Рошат важно уселся на стул, расстегнул тугой воротничок гимнастерки. Размашистые, связанные черным пухом волос у переносицы брови его изогнулись. Лицо приняло чуть-чуть свирепое выражение. Копируя командира полка, Майко строгим, не терпящим возражения голосом прикрикнул: 

— Отставить разговоры, товарищ Чичков. Слушайте меня, батенька. В баньку зарулите попозднее, а сейчас прошу вас распорядиться: за храбрость и мужество, проявленные в последнем полете, с вас полагается… — Рошат опять подмигнул Козлову, — сколько, Серега? 

— По чарке. 

— Да, да, по чарке, которой лошадок мой батя поил , — поддержал Майко. 

— Я же не пью, ребята. 

— Не пьешь? Нюхаешь, да? Отговорки, товарищ Чичков… А я что, по-твоему, пьяница? В другое время мне алкоголь даром не нужен. А сейчас выпью. Как же это не выпить, скажи? Лучший друг героизм проявил, полковника восхитил, корреспондентов бегать за собой заставил, весь гарнизон о нем, словно улей, гудит… Нет уж, Пашка, ты хвостом не крути. 

Рошат ястребом налетел на товарища и, схватив под мышки, легонько подталкивая коленом, потащил к двери. Толкнув Павла в коридор, кинул ему вслед фуражку, 

— Забирай свои пожитки, зазнайка. Мы тебя знать не хотим. Ишь какой герой объявился. На друзей ноль внимания! К черту катись. Ищи себе новых. 

Павел просунул в полуоткрытую дверь голову. 

— Предупреждаю… Пить будете одни. 

— Тащи, тащи, там разберемся! — сердито крикнул Рошат.

Павел решительно подтянул широкий ремень и прямо, по форме (а не как его друг Майко, с лихостью набекрень) надел фуражку. В застегнутой на все пуговицы гимнастерке с белоснежным подворотником и до глянца начищенных сапогах он мог бы произвести впечатление щеголя командира, у которого превыше всего — внешность, если бы не развалистая походка и не вмещающийся под фуражкой длинный и густой, отливающий бронзой чуб. Военная форма оттеняла широкие плечи и грудь Павла, придавая его добродушному мягкому лицу больше мужества. С гимнастеркой, портупеей и широким со звездою ремнем он освоился быстро и настолько хорошо, что со стороны казалось, будто проходил он в них всю свою двадцатичетырехлетнюю жизнь. Единственное, что смущало его, что не давало забыть доармейские годы, — это руки.
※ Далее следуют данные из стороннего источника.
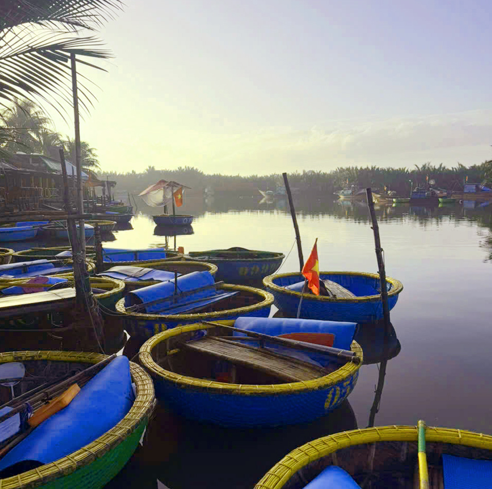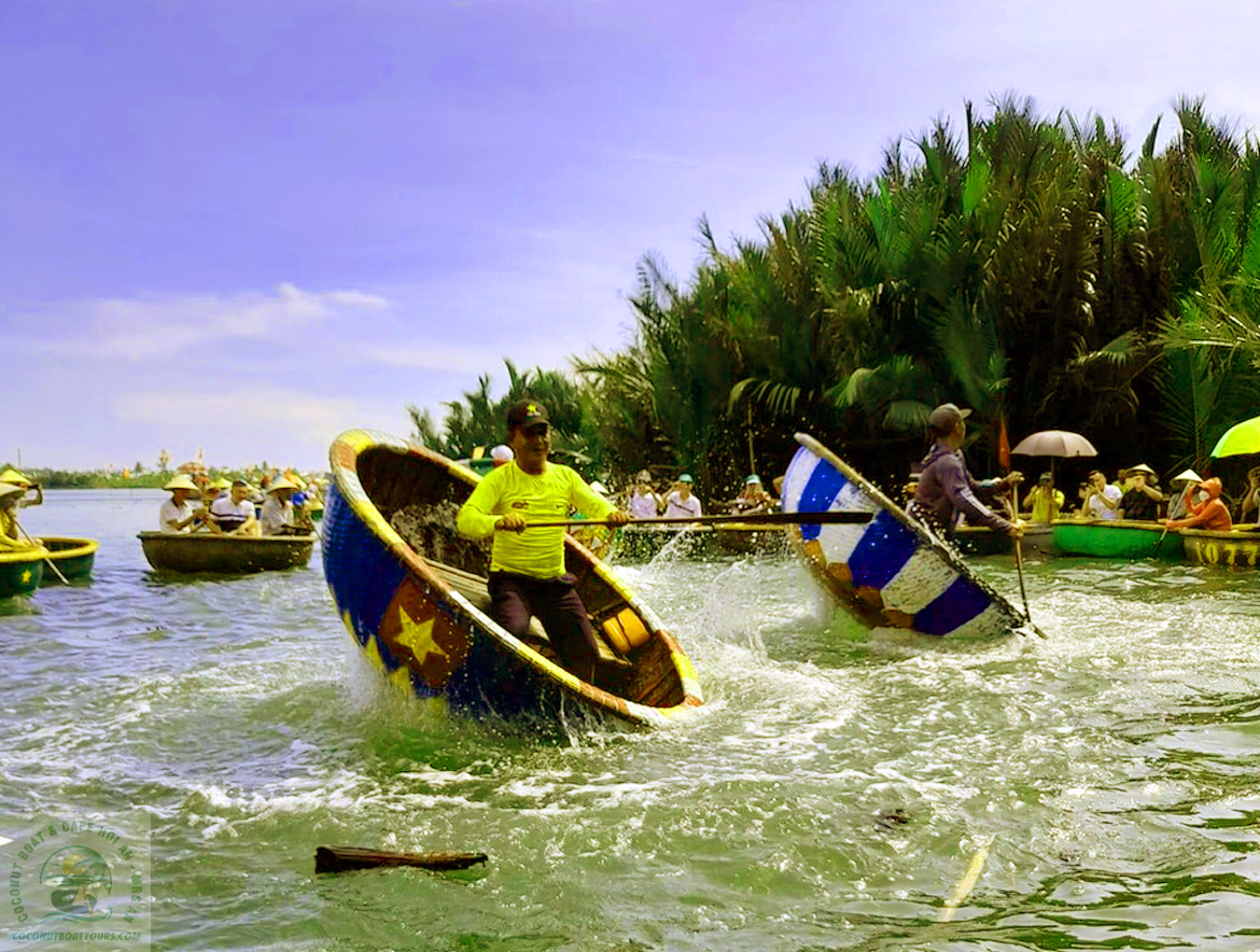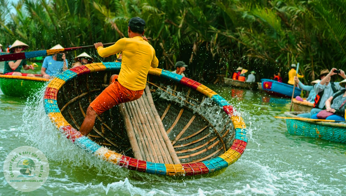 - Ride a traditional basket boat through the lush Cam Thanh coconut palms
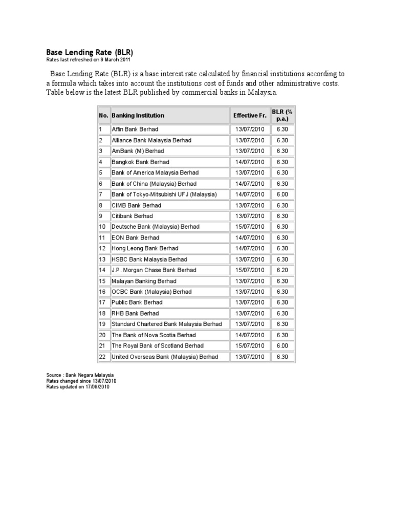 Base rate (br) is in accordance to the new reference rate framework introduced by bank negara malaysia and it replaces the base lending rate (blr) as the pricing for retail loans effective 2nd january 2015. Latest bank lending & fixed deposit interest rates. Not applicable for new individual loan/financing applications from 2 january 2015 onwards. The data is categorized under. Blr for most major banks now stands at 6.85%.

Большие и непомерно широкие, прежде они мирно покоились в просторных карманах гражданских брюк, теперь же их девать было решительно некуда, и Павел то толкал их за широкий ремень, то назад, то, вопреки армейскому уставу, по старой привычке, в карманы.

— В самолете, Чичков, твои руки всегда нужное место находят, а вот на земле, хоть руби их, лишние, — не однажды замечал командир эскадрильи Кашуба.

— А куда же такие лопаты денешь! — шутя вступался за друга Рошат. — Тяжело за собой всю жизнь волочить!

Павел, словно диковинную находку, внимательно рассматривал свои руки, и крупные пухлые губы его расплывались в виноватой улыбке.

В магазине молодая продавщица вежливо спросила, что ему надо.

— Ведро русской горькой, — не то серьезно, не то шутя заявил Павел.

— Ведрами продаем керосин.

— Разве? Тогда давайте бутылками.

— Сколько?

Павлик замялся:

— Дюжину, полторы...

— Точнее, товарищ!

— Давайте хоть дюжины полторы.

Девушка стала выставлять перед летчиком батареи бутылок.

— Восемнадцать... Еще что?

— Что? Закуски, наверно, надо. Колбасы, шпрот, сыра, можно конфет.

— Каких?

— Все равно, какие лучше.

Продавщица кокетливо улыбнулась.

— Я же не знаю, какие ваша девушка любит.

— Какая там девушка…

Когда все покупки были выложены на прилавок, Павел долго возился, силясь захватить их своими «лопатами».

Дверь комнаты оказалась закрытой, и, так как руки были заняты, Павел вынужден был постучаться носком сапога. 

— А, именинник! — распахнув перед ним половину двери, весело закричал Рошат. — Милости просим. Маэстро, марш! 

Трое находящихся в комнате летчиков дружно запели: 

 А ну-ка, солнце, ярче брызни… 

Павел, стараясь придерживаться такта музыки, важно прошагал к столу и аккуратно опустил на него свертки. 

— Командуй, Рошатик.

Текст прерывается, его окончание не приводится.